Volume 2: Stratospheric Ozone
Edited by James G. Titus U.S. Environmental Protection Agency
Suzanne Holmes Giannini
Columbia University College of Physicians and Surgeons New York, New York USA
The skin is our interface with the environment and our bodies' first line of defense against infectious agents. Other papers in this volume illustrate very elegantly that UV-B irradiation has a selective, suppressive effect on immune system functioning. They show us, further, that the skin itself is an immune organ, in that certain types of lymphoid cells are found predominantly in skin (Daynes et al. this volume; De Fabo and Noonan this volume; Elmets et al. this volume). The function of this skin-associated lymphoid tissue is to respond to antigens that enter the body by way of the skin. This cutaneous immune surveillance system is vital to our ability to resist invasions by infectious agents.

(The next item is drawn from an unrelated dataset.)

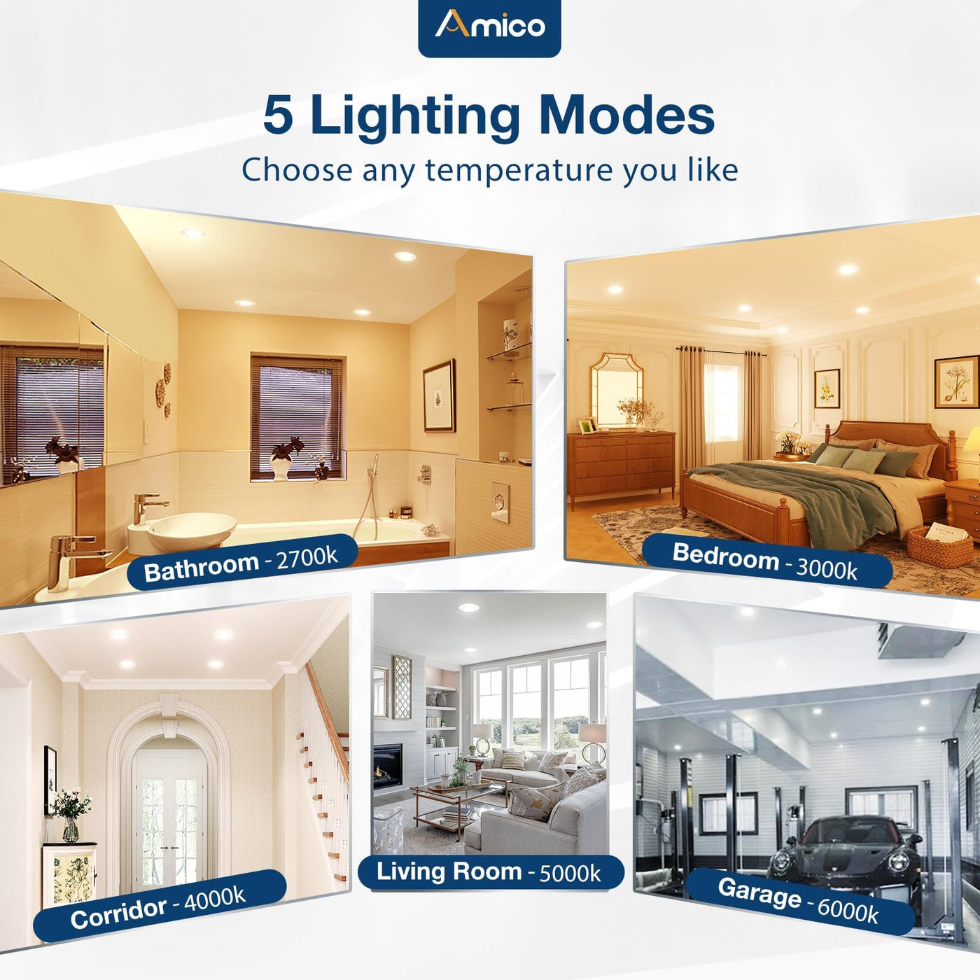Q: What are the available color temperatures for the Amico 5CCT LED Recessed Lighting?A: The Amico 5CCT LED Recessed Lighting offers five selectable color temperatures: 2700K, 3000K, 4000K, 5000K, and 6000K, allowing you to customize the ambiance of your space.

Infectious diseases remain serious public health problems in the tropics and semitropics. These are the geographic areas that also receive the highest levels of solar UV-B radiation in the world (Schulze 1970). A critical question arises: What are the effects of UV-B irradiation on the body's response to infectious agents penetrating the skin?

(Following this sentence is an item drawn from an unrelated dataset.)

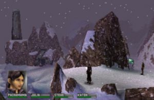 Released in the year 2000, at a time when the PlayStation owners were starting to fantasize about the upcoming 128-bit attraction, Aconcagua fell right into the group of rare and overlooked gems before it had time to prove its worth. In the fictional South American country of Meruza, a woman named Pachamama leads a revolutionary movement that fights against the oppression and cruelty of the installed dictatorship. After a very unique opening sequence, explaining the nation’s political regime and social unrest, follows a brief scene set in the interior of an airplane where the characters are introduced. Unexpectedly, a bomb is detonated, shattering the jet plane into pieces scattered over the frozen mountains of the Andes, in Aconcagua: the highest and most daunting peak of the American continent, also known as the white sentinel.

There are few experimental data to answer this important question. Analysis is further complicated because infection and disease outcome are affected, not only by the immunogenetic background of the host, but also by other environmental factors such as humidity, temperature, vector density and efficiency, concomitant infections, and host nutrition, to name but a few. Although the issue is very complex, a growing body of evidence suggests that UV-B irradiation can affect both pathogenesis and immunity in infectious diseases involving skin.
The effect of ultraviolet radiation on the progression of skin disease has been the subject of investigation for almost a century. In the late 1880s, the Danish physician Niels Finsen began a study of the interaction of skin with sunlight. By a series of experiments in which various wavelengths were filtered out from sunlight, he concluded that it was the ultraviolet component, which he called the "chemical rays," that caused inflammation and sunburn. In 1894, Finsen reported that the "chemical rays" of sunlight promoted scarring in smallpox, and that patients sequestered in rooms thickly hung with red curtains healed their pustules without scarring (Finsen 1901a). This illustrated that solar radiation could affect the outcome of infectious disease, and launched him on a study of ultraviolet radiation in the treatment of tuberculosis (Finsen 1901b). In 1903, Finsen received the Nobel Prize in Medicine for successful treatment of lupus vulgaris (tuberculosis of the skin) by local application of ultraviolet irradiation. Over the next four decades, ultraviolet light applied locally to skin was used to treat a variety of infectious diseases, including erysipelas, which had a 10% fatality rate until UV therapy appeared (Licht 1983). The advent of sulfones and antibiotics supplanted UV therapy, which has virtually disappeared from the infectious disease armamentarium.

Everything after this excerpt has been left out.